Up to and including the line that holds "林昀儒、郑怡静退赛,张佑安递补中国台北队2026海口亚洲杯目前名单女单: 叶伊恬 李昱谆", print the data exactly from its first line; do not print the pictures.
====== Provided material
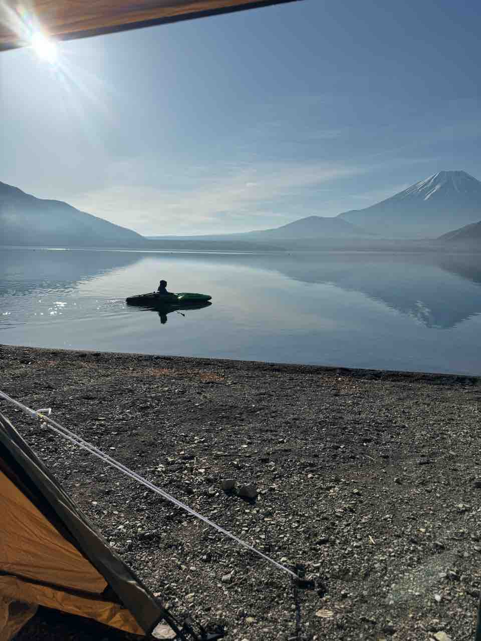 日の出が5時頃だったので早起きしてテントの外に出てみたら素敵な富士山。何て言うんだろう……夜が明ける!という期待感。そりゃ朝だから夜は明けるんだけど、富士山の背後から光が……という所が良かったんだよね。
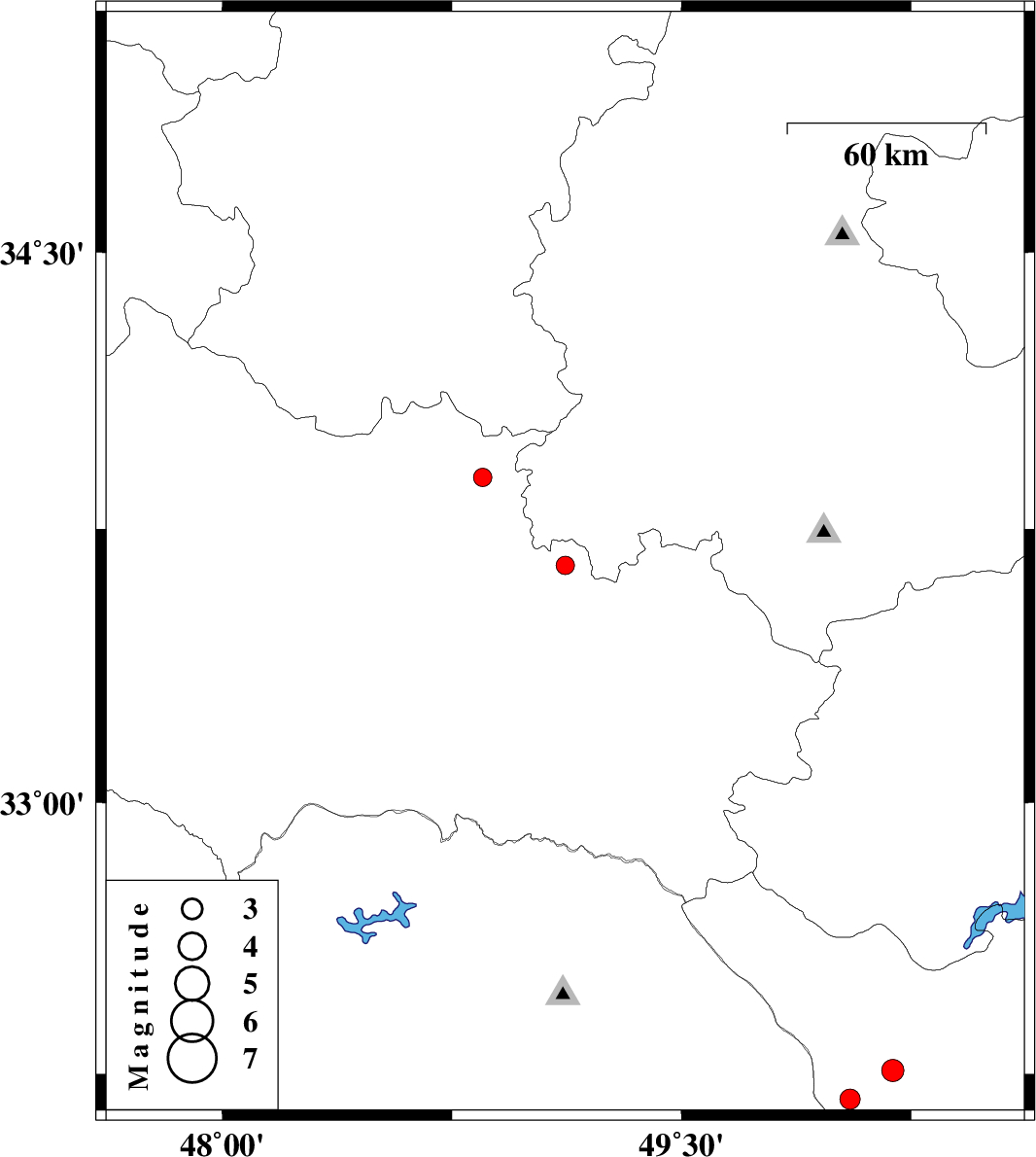 | 2008/05/21 | 20:15:40.1 | 00:45:40.1 | 33.89 | 48.85 | 15 | ML:2.7 | 8 km Borujerd, Lorestan Province |
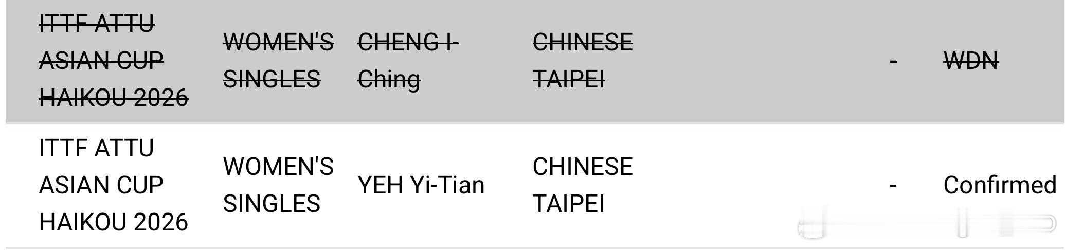 林昀儒、郑怡静退赛,张佑安递补中国台北队2026海口亚洲杯目前名单女单: 叶伊恬 李昱谆 简彤娟男单: 冯翊新 郭冠宏 廖振珽 张佑安
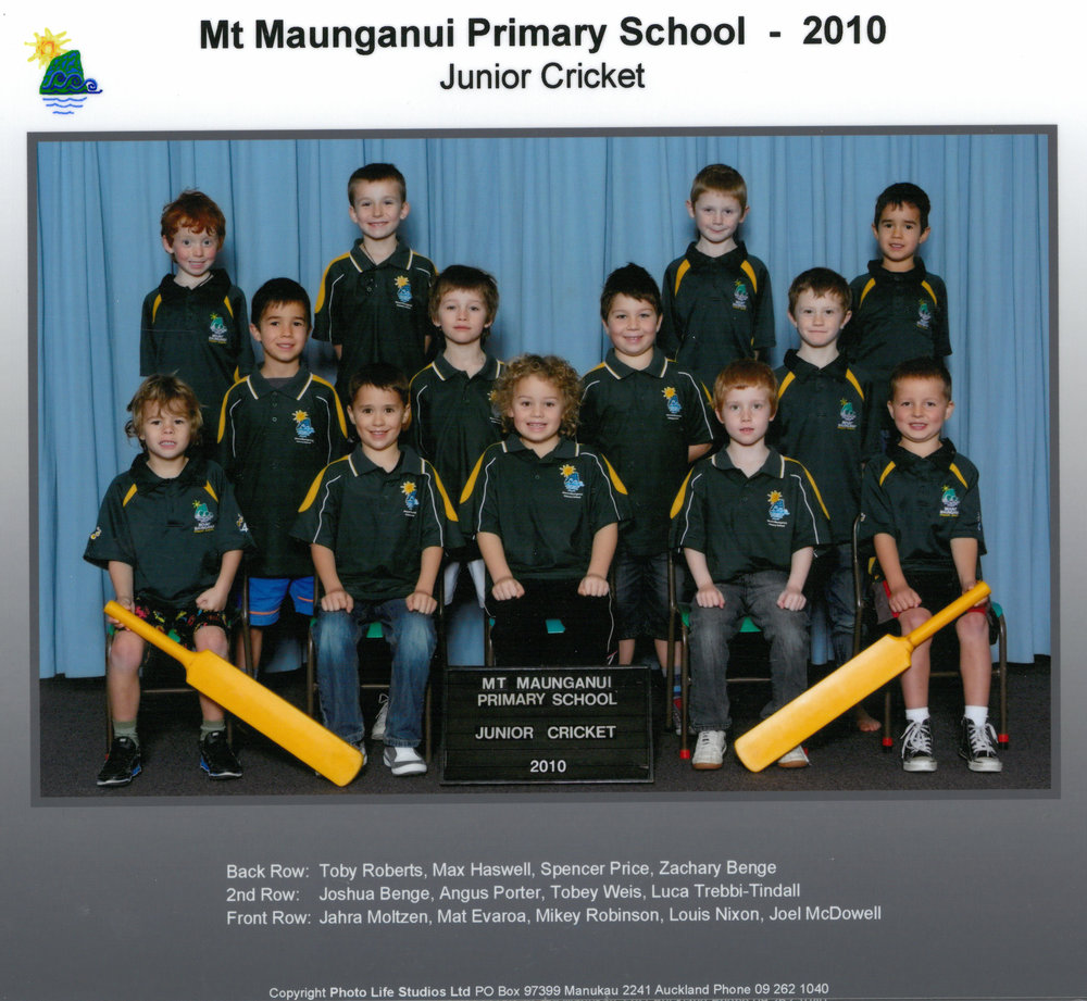 Date2010Reference NumberPhoto 13-1355DescriptionPhotograph of Mount Maunganui Primary School Junior Circket 2010. From images collected during centenary celebrations 2013. Row 3: Toby Roberts – Max Haswell – Spencer Price – Zachary BengeRow 2: Joshua Benge – Angus Porter – Tobey Weis – Luca Trebbi-TindallRow 1: Jahra Moltzen – Mat Evaroa – Mikey Robinson – Louis Nixon – Joel McDowellPhotograph of Mount Maunganui Primary School Junior Circket 2010. From images collected during centenary celebrations 2013. Row 3: Toby Roberts – Max Haswell – Spencer Price – Zachary BengeRow 2: Joshua Benge – Angus Porter – Tobey Weis – Luca Trebbi-TindallRow 1: Jahra Moltzen – Mat Evaroa – Mikey Robinson – Louis Nixon – Joel McDowellFormatPrint
============
Exercise output:
 日の出が5時頃だったので早起きしてテントの外に出てみたら素敵な富士山。何て言うんだろう……夜が明ける!という期待感。そりゃ朝だから夜は明けるんだけど、富士山の背後から光が……という所が良かったんだよね。
 | 2008/05/21 | 20:15:40.1 | 00:45:40.1 | 33.89 | 48.85 | 15 | ML:2.7 | 8 km Borujerd, Lorestan Province |
 林昀儒、郑怡静退赛,张佑安递补中国台北队2026海口亚洲杯目前名单女单: 叶伊恬 李昱谆 简彤娟男单: 冯翊新 郭冠宏 廖振珽 张佑安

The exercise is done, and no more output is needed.